§ Source material
—————
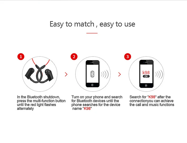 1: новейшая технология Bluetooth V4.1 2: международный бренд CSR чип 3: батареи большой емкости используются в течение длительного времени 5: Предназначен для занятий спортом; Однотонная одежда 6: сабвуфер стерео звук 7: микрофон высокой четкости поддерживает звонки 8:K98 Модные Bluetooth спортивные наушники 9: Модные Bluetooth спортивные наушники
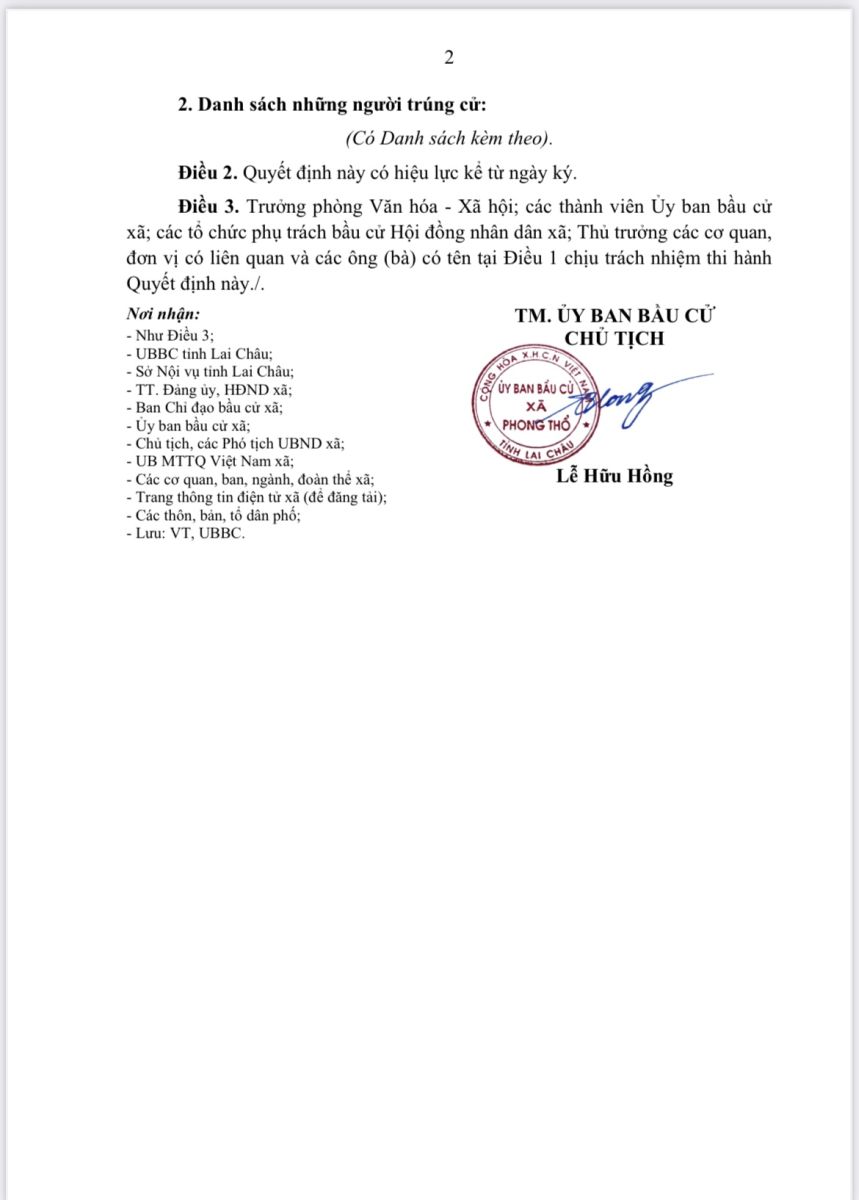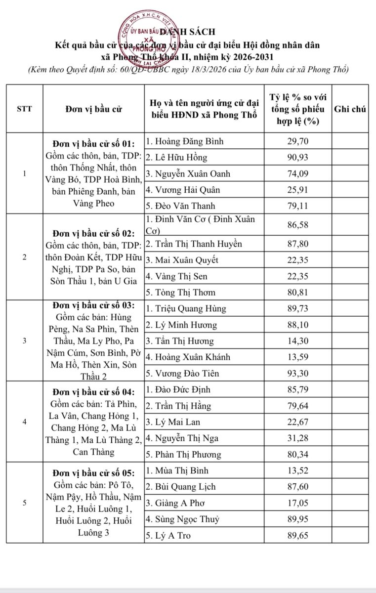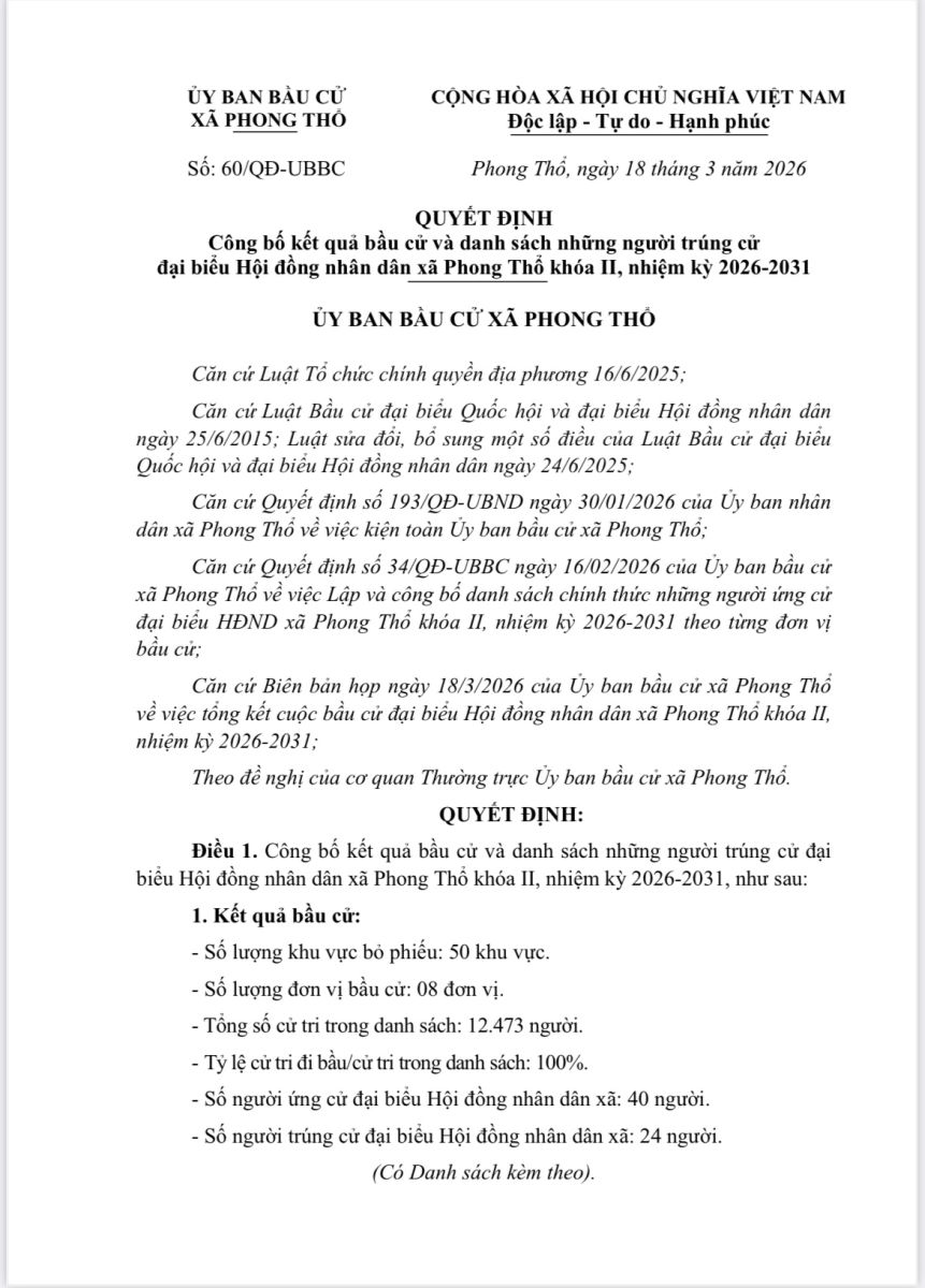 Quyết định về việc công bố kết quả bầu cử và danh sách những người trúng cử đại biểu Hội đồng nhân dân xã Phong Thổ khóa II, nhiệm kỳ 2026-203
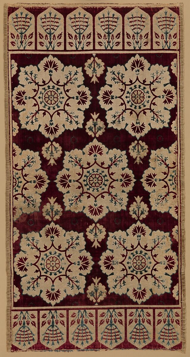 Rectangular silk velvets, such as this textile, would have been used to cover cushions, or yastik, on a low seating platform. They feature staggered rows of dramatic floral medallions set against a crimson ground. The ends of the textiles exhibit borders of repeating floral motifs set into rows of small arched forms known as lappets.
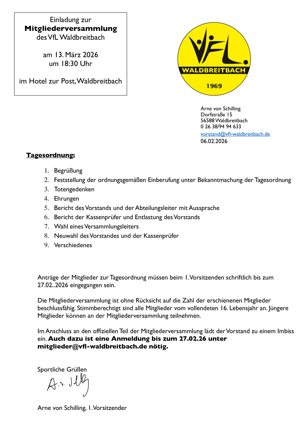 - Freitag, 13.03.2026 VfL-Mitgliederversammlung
—————
§ Task
In the copy, omit the pictures and give every line of the data exactly.

§ Result of this task
 1: новейшая технология Bluetooth V4.1 2: международный бренд CSR чип 3: батареи большой емкости используются в течение длительного времени 5: Предназначен для занятий спортом; Однотонная одежда 6: сабвуфер стерео звук 7: микрофон высокой четкости поддерживает звонки 8:K98 Модные Bluetooth спортивные наушники 9: Модные Bluetooth спортивные наушники
 Quyết định về việc công bố kết quả bầu cử và danh sách những người trúng cử đại biểu Hội đồng nhân dân xã Phong Thổ khóa II, nhiệm kỳ 2026-203
 Rectangular silk velvets, such as this textile, would have been used to cover cushions, or yastik, on a low seating platform. They feature staggered rows of dramatic floral medallions set against a crimson ground. The ends of the textiles exhibit borders of repeating floral motifs set into rows of small arched forms known as lappets.
 - Freitag, 13.03.2026 VfL-Mitgliederversammlung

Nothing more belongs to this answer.